No. The build and runtime environments have to be the same. Linking against a different library than you use later can cause different kinds of ABI incompatibilities.
I am using the current master despite adding the lines that you asked me to. It is possible that some auto-linting misaligned some of the stuff.
Well, ideally your backtraces match with the source code of the repo. Otherwise, it's hard to use it to debug what is going on.
If the crash is indeed inside PyType_Ready
, then there is nothing the apriltag bindings can do to fix this.
If you can reduce the crash in the CI, I can have a look at it. But other than this, I recommend that you fix your Python environment.

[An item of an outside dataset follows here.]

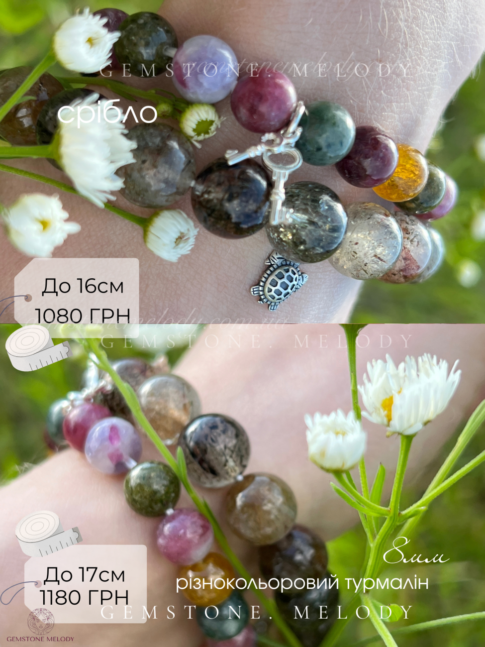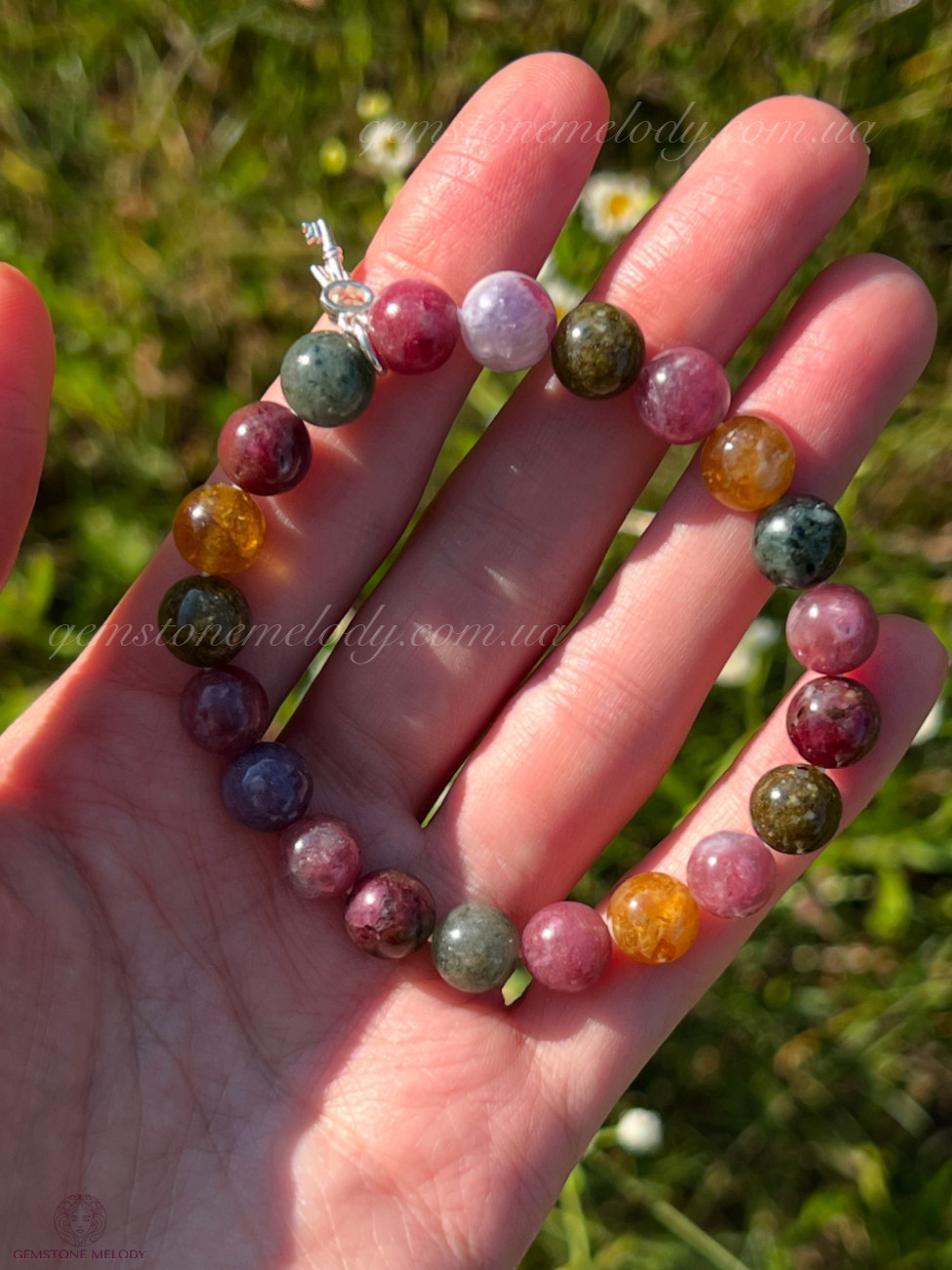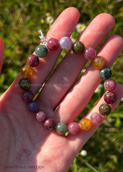Браслет з різнокольорового турмаліна з іншою на вибір підвіскою
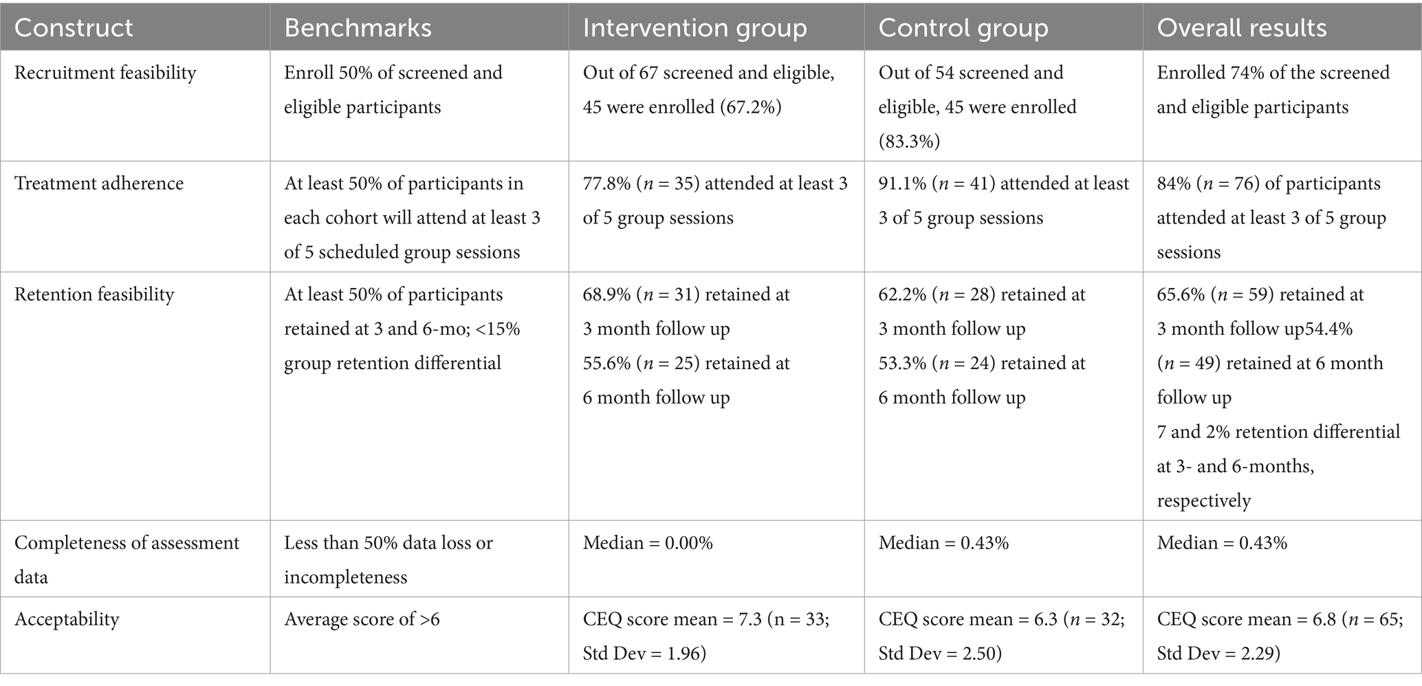 The Credibility/Expectancy (n = 33; mean = 7.3; Std Dev = 1.96) score (CEQ) for the intervention group indicated that the adapted curriculum was acceptable. An acceptable CEQ score for the control group (n = 32; mean = 6.3; Std Dev = 1.96) score (CEQ) indicates the control program was also acceptable for this sample. A summary of feasibility and acceptability outcomes are outlined in Table 5.

To clarify what I meant was using the same build and runtime environments. Meaning that when I specify the ros_env
during building like this
cmake -B build -DCMAKE_BUILD_TYPE=Debug \
-DBUILD_SHARED_LIBS=ON \
-DBUILD_PYTHON_WRAPPER=ON \
-DPython3_EXECUTABLE=/opt/homebrew/Caskroom/mambaforge/base/envs/ros_env/bin/python \
-DPython3_INCLUDE_DIR=/opt/homebrew/Caskroom/mambaforge/base/envs/ros_env/include/python3.11 \
-DPython3_LIBRARY=/opt/homebrew/Caskroom/mambaforge/base/envs/ros_env/lib/libpython3.11.dylib \
-DPython3_NUMPY_INCLUDE_DIR=/opt/homebrew/Caskroom/mambaforge/base/envs/ros_env/lib/python3.11/site-packages/numpy/core/include
and using this specify environment during the run then it should not matter that there are other environments installed on the machine right?
I am not sure how this works with the mixed homebrew and mambaforge environment. At least on Linux, if you have set the environment, e.g. conda, correctly, then you also don't need to point to absolute paths for Python manually since CMake will find the FindPython3.cmake
etc. and set these variables accordingly. But I only have professional experience on Linux / Ubuntu and macOS just might work differently here.
Since your environment is named ros_env
, I am wondering, are you trying to use ROS on macOS? If so, you might want to look into conda and the RoboStack, which provides a lot of the ROS packages in a conda environment. I had very good experiences with using different Python stacks in a conda environment, including ROS.
Hello, I am trying to build the Python bindings for macOS. The building process works but when trying to import the library, there is always a segmentation fault. Using Python 3.12.6 with a conda environment. I was able to build the duckietown bindings but I receive a lot of
Error, more than one new minimum found.
errors with them. I did not find an actual solution for this and it seems that this error does not exists with the offical bindings.If I should provide more system information please let me know.